Ayasofya'nın bakım ve onarımıyla ilgili çalışmalar Cumhuriyet sonrasında da sürmüştür. Atatürk'ün isteği üzerine Bakanlar Kurulu'nun bir kararıyla Ayasofya 24 Ekim 1934'te müzeye çevrildi ve günümüzdeki biçimi verildi.
Ayasofya mimarlık tarihinin en önemli kilometre taşlarından biri oluşunu çağı için olağanüstü cüretli tasarımına borçludur. Orta nefin bir kubbeyle doğuda ve batıda buna eklenen iki yarım kubbeden oluşan örtüsü türünün yeryüzündeki ilk örneğidir. Ama çok erken bir deneme olduğu için bazı çözülmemiş sorunlarla yanlışları da içeriyordu. Ayasofya yalnız örtü sistemiyle değil dev boyutlarıyla da çağına bir meydan okuma olarak nitelendirilebilir.

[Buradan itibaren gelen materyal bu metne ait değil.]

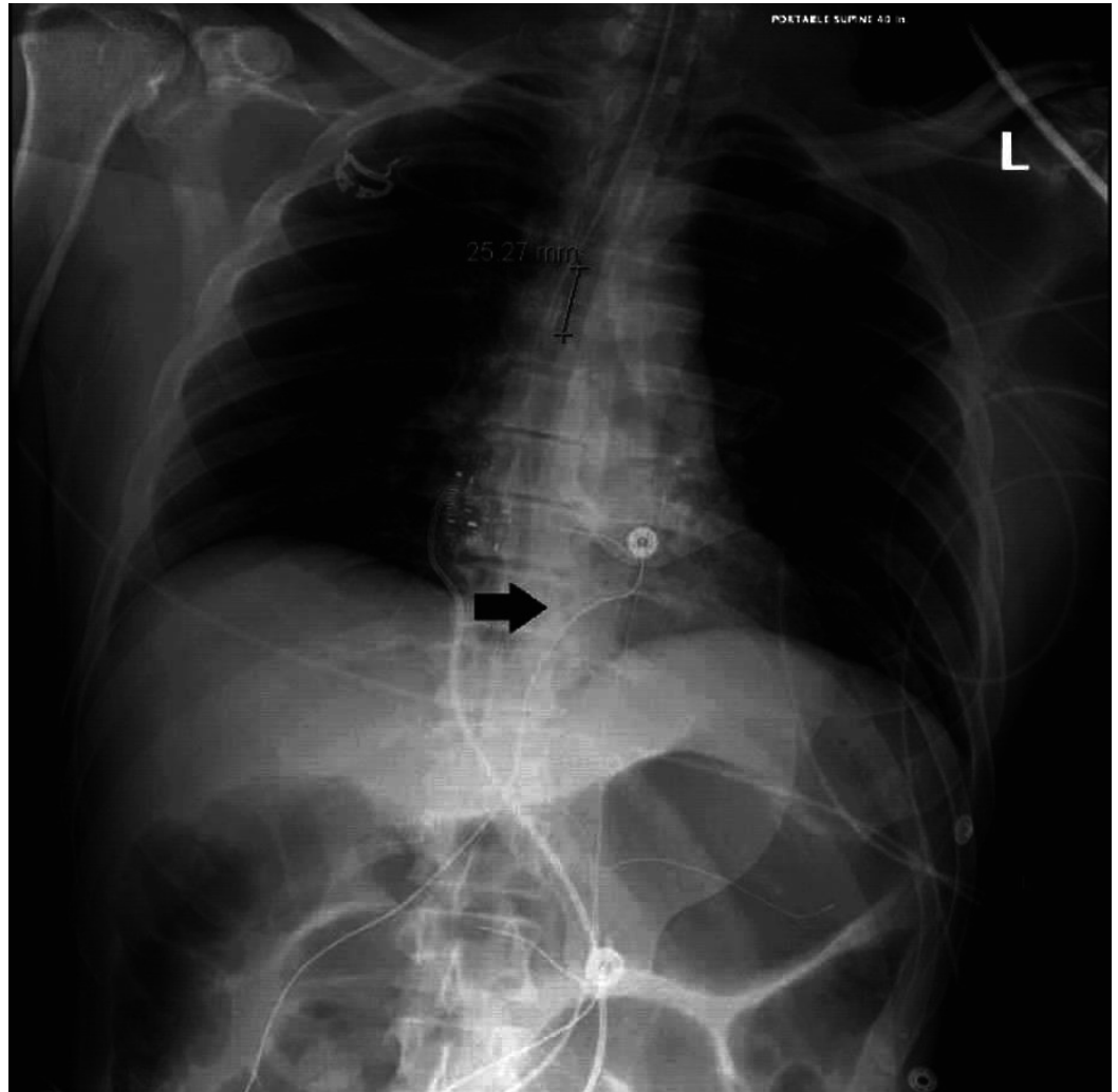
FIGURE 1: Tip of PICC (black arrow) approximately 8 cm distal to cavo-atrial junction as the likely cause of bradycardia in case 1.

PICC placement was completed by the specialized PICC nursing team. After the PICC was placed, the patient developed sinus bradycardia at a rate of 42 beats per minute per telemetry. Before atropine could be delivered, the patient became unresponsive and pulseless and a code team was called for the patient. Advanced cardiac life support (ACLS) protocol for pulseless electrical activity (PEA) was followed with cardiopulmonary resuscitation performed for two minutes and the administration of epinephrine. Resuscitation measures were successful and the return of spontaneous circulation (ROSC) was achieved. The patient was intubated and sedated. When the PICC line was flushed post-ROSC, it was noted on telemetry that the patient went into episodes of sinus tachycardia that lasted between 10-50 seconds as well as periodic wide complex ventricular tachycardia of up to 20 beats. On chest radiograph (CXR), the PICC line was noted as terminating in the right atrium (Figure 1).

Ayasofya Bizans mimarlığı tarihinden de bir sürecin başlatıcısı değildir. Sonraki yıllarda Bizanslı mimarlar Ayasofya'yı yinelemekleri gibi geliştirmeye de yönelmemişlerdir. Tersine Bizans mimarlığı Ayasofya'yı hep aşılmaz bir kezlik bir başyapıt saymıştır. Bazı araştırmacılar onu bir erken Bizans yapısı olmaktan çok geç dönem Roma yapısı gibi görmüşlerdir. Ayasofya'nın yeniden gündeme getirilişi ancak İstanbul'un fethi ile birlikte Osmanlı mimarlığında söz konusu olmuştur. Osmanlı mimarları özellikle de Sinan Ayasofya'yı ölü bir uygarlığın kalıntısı gibi değil de dev bir mimarlık başarısı biçiminde görmüş ve bin yıldır hiç denenmeyeni deneyip onu Şehzade ve Süleymaniye camileri gibi iki büyük yapısında aşabilmiştir . Bu nedenle Ayasofya yalnız Roma'nın ve Bizans'ın değil Osmanlı Uygarlığı'nın da bir bileşeni sayılır. Ayasofya'nın başlattığı süreci Osmanlı tamamlamıştır.

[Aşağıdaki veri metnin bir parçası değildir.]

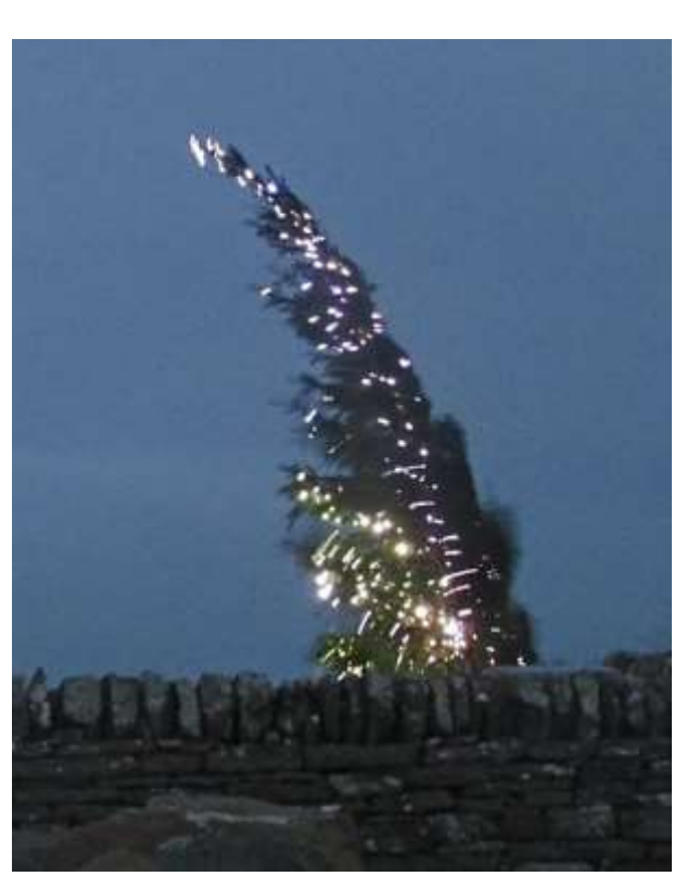
Stronsay's Christmas tree is buffeted by the recent high winds

Grimshaw (New resident of Brimskin's Home for the Pleasantly Deranged)
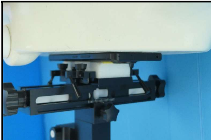
Front Face of EUT Tested at 0 mm
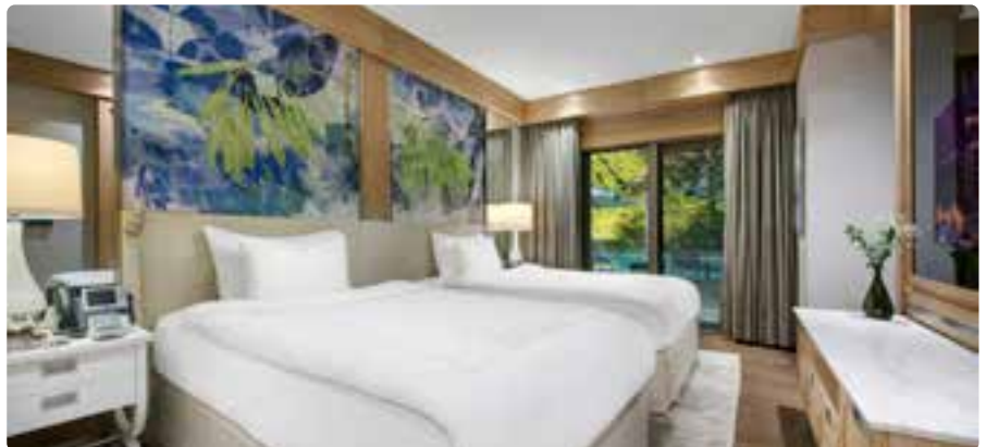
3 rd Bedroom
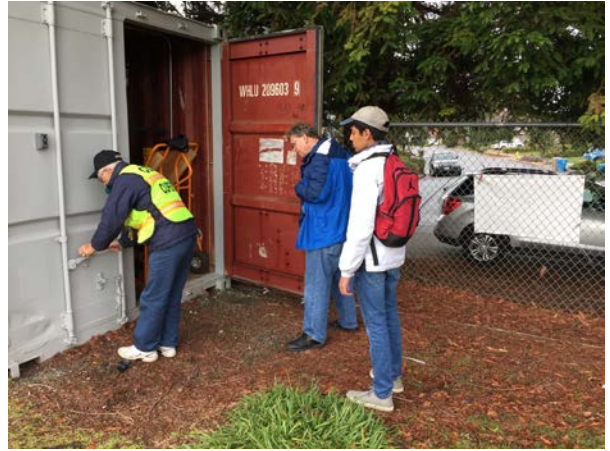
Wrapping up ARK check. Regnart Elementary ARK.
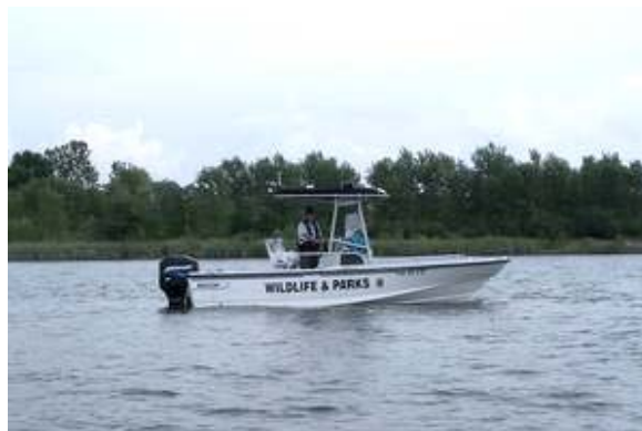
KDWPT lake patrols help to insure safe vessel operation on our public waters.

It won't be long before temperatures warm enough to encourage lake visitors to slip the boat in to enjoy a favorite pastime on the water. Whether fishing, swimming, cruising, paddling, skiing, tubing, or just relaxing, every vessel utilizing Kansas waters must have certain safety equipment on board. Do you have what you need to insure a safe and lawful visit to the lake this summer? Vessel owners should be familiar with regulations pertaining to equipment and education requirements. Does your vessel require a registration and decals, life jackets, fire extinguishers, sound producing device, navigation lights, skier down flag, wide angle mirror, muffler, or capacity plate? Do you have to have boater education? If you aren't sure, the KDWPT wants to help insure that your next trip is a safe and enjoyable one by providing boaters with access to a handy web page tool that can provide them with a list of requirements after they answer a series of questions about the vessel and the operator. Even veteran boaters may find the tool to be informative. The tool can be found at: http://ksoutdoors.com/Boating/Required-Equipment-Checklist . Additional boating information can also be found on the KDWPT website by visiting www.ksoutdoors.com and clicking on "Boating." Have a safe and enjoyable time on the water this summer!
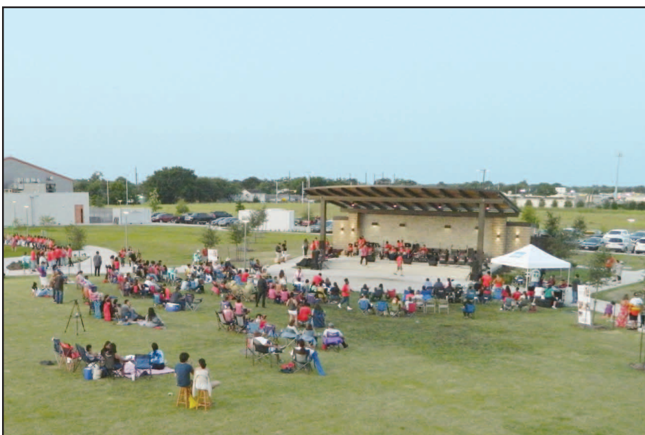
The SUMMER FAIR events will take place Saturday at the Town Center Amphitheatre and Park, and the kids' Splash Pad. Included are Free COVID shots, a Raffle for a Free TV and other prizes, Zumba, Face Painting, food trucks and entertainment. A great Family Fun event, don't miss it!
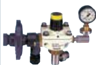
10 kg/h vacuum control valve
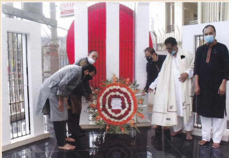
A view of paying the floral wreath by the members of Board of Trustees and the Vice Chancellor
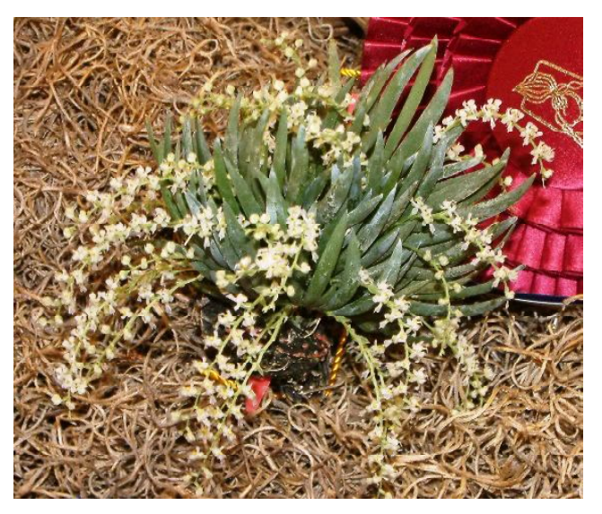
Ornithocephalus manabina, CCM-AOS 85 points

Ayasofya mimarlık bakımından olduğu kadar mozaikleri ile de önemlidir. Aynı dönemin figürlü mozaikleri ikonoklazm döneminde (726-843) yok edilmiştir. Bu nedenle bugün görülen mozaiklerinin hepsi IX. ve daha sonraki yıllardan kalmadır. Bu mozaiklerin birinde Theotokos Meryem'i kucağında İsa ile betimlemiştir. İki yanında iki büyük Bizans İmparator'u kenti kuran Constantinous ile Ayasofya'yı yaptıran İustinianos canlandırılmıştır. İç nartekste içe açılan kapı üzerinde tahtta oturan İsa'nın önünde diz çöken Leon VI.‘yı betimleyen mozaik bulunur. Bema kemeri saray giysileri içinde bir başmelek figürüyle süslüdür. Ama Ayasofya'daki mozaiklerin en güzeli güney galerideki bir duvarda yer alan “Deisis” (Yakarış) sahnesidir. Bir yanında Meryem öbür yanında Vaftizci Yahya ile birlikte İsa'yı gösteren bu mozaik işçilikteki incelik ve yüzlerdeki yoğun ifade ile benzerlerinin en değerlilerinden biridir.
Benzerlerinde olduğu gibi Ayasofya üzerine pek çok efsane söylenmiştir. Bunların bir kısmı Hristiyanlık devrinde bir kısmı ise fetihten sonra doğmuştur. Hristiyanlık devrinden kalan efsanelerin büyük bir kısmı Ayasofya'nın yapılışı üzerinedir. Planlamasında ve yapılmasında meleklerin yardımı olduğu söylenir. Yapının kuzeybatı köşesinde kılcal borularla zemindeki suyu emdiği için sürekli terleyen bir sütun vardır. Halk bu sütunu kutsal saymış üzerine parmak dokuna dokuna bir delik açmıştır. Söylentiye göre kilise camiye çevrildiğinde Hızır gelerek parmağını bu deliğe sokmuş ve kiliseyi Kabe yönüne çevirmiştir. Evliya Çelebi'ye göre ortadaki büyük kapıyla kıble yönündeki kapı Nuh'un gemisinin kalıntılarından yapılmıştır.Yine bir efsaneye göre Kadir Geceleri Hızır'ın buraya geldiği söylenir.
916 yıl kilise 481 yıl cami olarak kullanılmış bu eşsiz yapı asırlara meydan okuduğu gibi İstanbul'da varlığını daha uzun yıllar devam ettirecektir.
Mimari Yapısı
VI. yüzyılda yaşamış olan Prokopius ‘a göre Ayasofya'nın kubbesi o denli havadadır ki adeta gökyüzünden sarkıtılmış desteksiz bir altın küre gibidir. Ayasofya ‘da 70 m x 100 m boyutlarında olan alt yapıyı 30 m çapında 55 m yüksekliğinde bir kubbe örter. Kubbenin kendi yüksekliği 138 m.'dir ve tuğladan yapılmış 40 kaburgası vardır. Bunlar 110 m genişliğinde ayaklara oturur ve ayakların arasında 40 pencere vardır. Yapının duvarlarına büyük bir ustalıkla açılan pencereler hem yapının ağırlığını azaltır hem de içeriye bol ışık verir. Kendi ışığını kendi yaratır gibidir. Gerçekten içeriye girenleri ilk etkileyen Bizans sanatının önemli özelliklerinden biri olan ışık gölge oyunlarıdır. Ayrıca bina 107 adet sütun üzerine oturtulmuştur. Altta 40 üstte ise 67 sütun vardır.